By the tenth grade, Kenny had drifted into the sleaziest drug clique in our school. Somehow, that made me angrier. All that wasted potential. He was the smartest, funniest boy I knew, and he was burning up his brain cells and his life.
But I moved on and stopped fixating on Kenny Waxman. At least that’s what I was telling myself. Truth was, I had merely channeled all that hurt and anger into pity, making Kenny a pathetic figure. I wondered if his parents were as tortured by his behavior as mine were by Joey’s.
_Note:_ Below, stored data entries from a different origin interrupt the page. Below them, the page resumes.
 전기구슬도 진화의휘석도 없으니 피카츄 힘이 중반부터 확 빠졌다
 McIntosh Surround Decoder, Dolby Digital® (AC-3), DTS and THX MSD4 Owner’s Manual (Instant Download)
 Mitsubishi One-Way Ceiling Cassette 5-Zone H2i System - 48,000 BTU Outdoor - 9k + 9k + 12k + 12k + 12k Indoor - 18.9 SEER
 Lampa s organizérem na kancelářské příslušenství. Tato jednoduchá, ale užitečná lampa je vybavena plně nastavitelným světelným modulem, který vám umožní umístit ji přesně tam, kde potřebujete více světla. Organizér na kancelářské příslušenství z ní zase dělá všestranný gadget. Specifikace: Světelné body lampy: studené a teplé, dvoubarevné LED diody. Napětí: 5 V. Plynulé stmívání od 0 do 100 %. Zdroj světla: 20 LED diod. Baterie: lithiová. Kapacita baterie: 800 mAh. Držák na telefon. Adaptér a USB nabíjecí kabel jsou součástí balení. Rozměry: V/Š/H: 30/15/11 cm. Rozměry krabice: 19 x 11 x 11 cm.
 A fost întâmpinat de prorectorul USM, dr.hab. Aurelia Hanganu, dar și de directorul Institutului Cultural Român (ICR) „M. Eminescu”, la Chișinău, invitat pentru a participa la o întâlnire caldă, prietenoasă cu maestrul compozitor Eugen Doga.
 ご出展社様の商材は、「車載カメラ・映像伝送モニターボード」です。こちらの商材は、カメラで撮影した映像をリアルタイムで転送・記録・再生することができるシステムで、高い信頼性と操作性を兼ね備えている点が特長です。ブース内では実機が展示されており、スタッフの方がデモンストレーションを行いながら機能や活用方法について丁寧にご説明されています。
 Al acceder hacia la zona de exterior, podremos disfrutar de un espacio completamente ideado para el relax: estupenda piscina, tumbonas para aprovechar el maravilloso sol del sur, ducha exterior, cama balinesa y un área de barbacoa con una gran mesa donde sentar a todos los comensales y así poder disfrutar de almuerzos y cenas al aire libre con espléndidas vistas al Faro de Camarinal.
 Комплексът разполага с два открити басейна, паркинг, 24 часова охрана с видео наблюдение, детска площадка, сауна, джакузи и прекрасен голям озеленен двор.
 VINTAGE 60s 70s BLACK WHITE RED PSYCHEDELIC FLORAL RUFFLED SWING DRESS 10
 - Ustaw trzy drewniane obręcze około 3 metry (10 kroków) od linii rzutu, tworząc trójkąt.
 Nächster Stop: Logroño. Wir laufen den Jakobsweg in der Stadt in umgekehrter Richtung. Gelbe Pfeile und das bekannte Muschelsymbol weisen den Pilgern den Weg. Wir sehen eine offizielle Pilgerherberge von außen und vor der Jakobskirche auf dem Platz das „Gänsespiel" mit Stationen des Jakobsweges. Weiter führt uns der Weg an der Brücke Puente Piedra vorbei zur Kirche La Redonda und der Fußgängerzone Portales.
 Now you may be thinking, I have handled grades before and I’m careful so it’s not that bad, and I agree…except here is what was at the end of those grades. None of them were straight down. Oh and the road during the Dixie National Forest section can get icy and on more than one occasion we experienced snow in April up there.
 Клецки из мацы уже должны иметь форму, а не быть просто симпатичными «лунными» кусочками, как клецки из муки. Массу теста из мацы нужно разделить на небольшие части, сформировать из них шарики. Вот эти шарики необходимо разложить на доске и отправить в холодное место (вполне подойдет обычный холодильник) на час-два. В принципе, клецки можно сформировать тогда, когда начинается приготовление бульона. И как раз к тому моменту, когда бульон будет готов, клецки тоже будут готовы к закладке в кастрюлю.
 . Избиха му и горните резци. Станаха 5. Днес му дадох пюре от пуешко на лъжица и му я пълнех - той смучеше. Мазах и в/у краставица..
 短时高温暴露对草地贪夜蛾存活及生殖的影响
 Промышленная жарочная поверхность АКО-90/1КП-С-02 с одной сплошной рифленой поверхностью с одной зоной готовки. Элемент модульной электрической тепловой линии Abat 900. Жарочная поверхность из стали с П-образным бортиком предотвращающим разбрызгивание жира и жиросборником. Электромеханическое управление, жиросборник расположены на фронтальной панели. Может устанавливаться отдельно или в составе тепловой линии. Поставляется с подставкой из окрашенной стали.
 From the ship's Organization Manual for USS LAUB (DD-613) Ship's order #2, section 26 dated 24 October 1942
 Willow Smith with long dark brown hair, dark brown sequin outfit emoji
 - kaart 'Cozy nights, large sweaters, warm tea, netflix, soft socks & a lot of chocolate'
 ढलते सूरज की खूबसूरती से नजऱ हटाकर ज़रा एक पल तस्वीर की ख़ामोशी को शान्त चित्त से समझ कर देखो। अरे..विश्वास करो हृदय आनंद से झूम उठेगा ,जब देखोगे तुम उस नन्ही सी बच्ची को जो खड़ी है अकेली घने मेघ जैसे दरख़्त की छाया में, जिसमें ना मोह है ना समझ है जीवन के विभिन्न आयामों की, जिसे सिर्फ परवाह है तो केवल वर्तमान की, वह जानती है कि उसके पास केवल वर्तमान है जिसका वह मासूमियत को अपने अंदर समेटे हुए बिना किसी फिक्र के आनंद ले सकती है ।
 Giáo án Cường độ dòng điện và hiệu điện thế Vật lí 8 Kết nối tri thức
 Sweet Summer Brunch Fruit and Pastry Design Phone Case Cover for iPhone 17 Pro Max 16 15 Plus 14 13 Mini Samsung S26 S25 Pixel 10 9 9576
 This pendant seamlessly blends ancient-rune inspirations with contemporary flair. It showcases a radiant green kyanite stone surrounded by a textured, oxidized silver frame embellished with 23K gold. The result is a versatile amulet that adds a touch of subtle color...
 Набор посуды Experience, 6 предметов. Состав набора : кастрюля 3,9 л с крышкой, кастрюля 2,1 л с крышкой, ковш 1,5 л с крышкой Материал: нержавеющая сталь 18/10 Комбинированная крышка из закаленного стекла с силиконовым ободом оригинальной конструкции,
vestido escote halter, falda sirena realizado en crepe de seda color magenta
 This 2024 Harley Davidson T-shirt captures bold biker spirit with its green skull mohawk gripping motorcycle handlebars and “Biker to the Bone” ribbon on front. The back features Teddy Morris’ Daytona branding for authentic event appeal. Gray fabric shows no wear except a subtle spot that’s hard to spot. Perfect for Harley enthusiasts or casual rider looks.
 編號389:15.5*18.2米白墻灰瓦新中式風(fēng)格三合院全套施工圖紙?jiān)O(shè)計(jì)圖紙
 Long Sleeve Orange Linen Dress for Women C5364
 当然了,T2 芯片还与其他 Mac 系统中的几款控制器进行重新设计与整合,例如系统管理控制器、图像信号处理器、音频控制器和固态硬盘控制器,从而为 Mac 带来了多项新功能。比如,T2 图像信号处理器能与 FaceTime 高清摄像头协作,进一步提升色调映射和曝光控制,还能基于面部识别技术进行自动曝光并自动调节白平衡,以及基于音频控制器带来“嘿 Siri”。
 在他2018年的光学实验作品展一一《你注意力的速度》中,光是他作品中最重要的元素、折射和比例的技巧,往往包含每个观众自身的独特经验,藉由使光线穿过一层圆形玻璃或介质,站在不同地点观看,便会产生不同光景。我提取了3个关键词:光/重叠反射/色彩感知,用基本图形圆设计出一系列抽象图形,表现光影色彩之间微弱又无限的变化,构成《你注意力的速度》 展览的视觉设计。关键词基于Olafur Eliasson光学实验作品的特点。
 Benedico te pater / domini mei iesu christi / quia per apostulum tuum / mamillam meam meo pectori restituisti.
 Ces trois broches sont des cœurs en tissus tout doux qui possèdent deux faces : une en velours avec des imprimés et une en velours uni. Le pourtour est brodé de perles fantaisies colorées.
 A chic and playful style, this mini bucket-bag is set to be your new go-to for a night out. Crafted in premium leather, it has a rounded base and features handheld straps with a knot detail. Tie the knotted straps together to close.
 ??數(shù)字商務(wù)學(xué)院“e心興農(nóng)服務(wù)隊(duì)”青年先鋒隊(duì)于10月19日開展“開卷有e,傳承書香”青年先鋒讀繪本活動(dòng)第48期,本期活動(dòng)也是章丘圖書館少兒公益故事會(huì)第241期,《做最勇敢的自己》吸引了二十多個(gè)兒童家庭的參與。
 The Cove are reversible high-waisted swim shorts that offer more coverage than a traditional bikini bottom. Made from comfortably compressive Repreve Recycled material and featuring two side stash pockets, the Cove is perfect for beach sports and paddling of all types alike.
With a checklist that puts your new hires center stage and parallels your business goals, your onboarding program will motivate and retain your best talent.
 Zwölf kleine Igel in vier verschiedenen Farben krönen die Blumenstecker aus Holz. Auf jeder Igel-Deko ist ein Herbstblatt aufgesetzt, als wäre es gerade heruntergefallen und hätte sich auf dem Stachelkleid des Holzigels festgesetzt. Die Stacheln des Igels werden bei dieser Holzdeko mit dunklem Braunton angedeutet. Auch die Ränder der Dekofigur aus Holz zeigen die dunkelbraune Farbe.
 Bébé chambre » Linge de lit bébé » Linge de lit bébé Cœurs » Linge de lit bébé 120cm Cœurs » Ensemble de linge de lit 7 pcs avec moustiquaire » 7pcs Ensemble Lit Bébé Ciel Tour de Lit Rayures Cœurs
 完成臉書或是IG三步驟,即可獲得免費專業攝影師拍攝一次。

Then, late one Saturday night during my senior year, as I was walking the dog past the Waxmans’ house, a car came screeching to a halt in front of me. Kenny stumbled out, and I heard the driver tell him to fuck himself.
“After I finish with your mother,” Kenny said, and slammed the door shut. The car sped off.
I kept walking and tried to ignore Kenny, but he saw me and called out.
“Bev! I’m so gl-happy to see you.”
His voice was louder than it needed to be. And it sounded strange to hear him say my name. He hadn’t called me anything but
prude
for nearly five years.
“Hello, Kenny.”
He planted his feet far apart for balance. “I’m totally fucked up,” he said.
“I noticed.” Stephanie’s legs started to tremble in the cold night air and I stooped to pick her up.
“Vine’s being a dick.”
“Why doesn’t that surprise me?”
Kenny explained that he was supposed to go back to Michael Vine’s house for a few hours until whatever he was on wore off, but they had some big fight. He asked if he could hang out with me for a while.
“Please, Bev. My father’ll kill me if I walk in this messed up.”
The idea of helping Kenny appealed to me. I liked to think my powers of persuasion could convince him to change the course of his life and be more like me. So I said yes, and by the time we crossed the threshold into my house, I already had an image of a new, clean-cut Kenny sitting in the cafeteria with my friends, impressing everyone with his wit. He’d be happy and fulfilled. And naturally, he’d be forever grateful to me, his savior.
“I’ll make coffee,” I said, unclipping Stephanie’s leash.
Kenny let himself drop onto the living room couch. “You are so great, Bev.”
My younger sister, Joey, was spending the night at a friend’s house, and everyone else was upstairs, asleep. So it was just me and Kenny, having coffee together like grown-ups. Or, the way it seemed to me at the time, like one grown-up and one screwed-up teenager.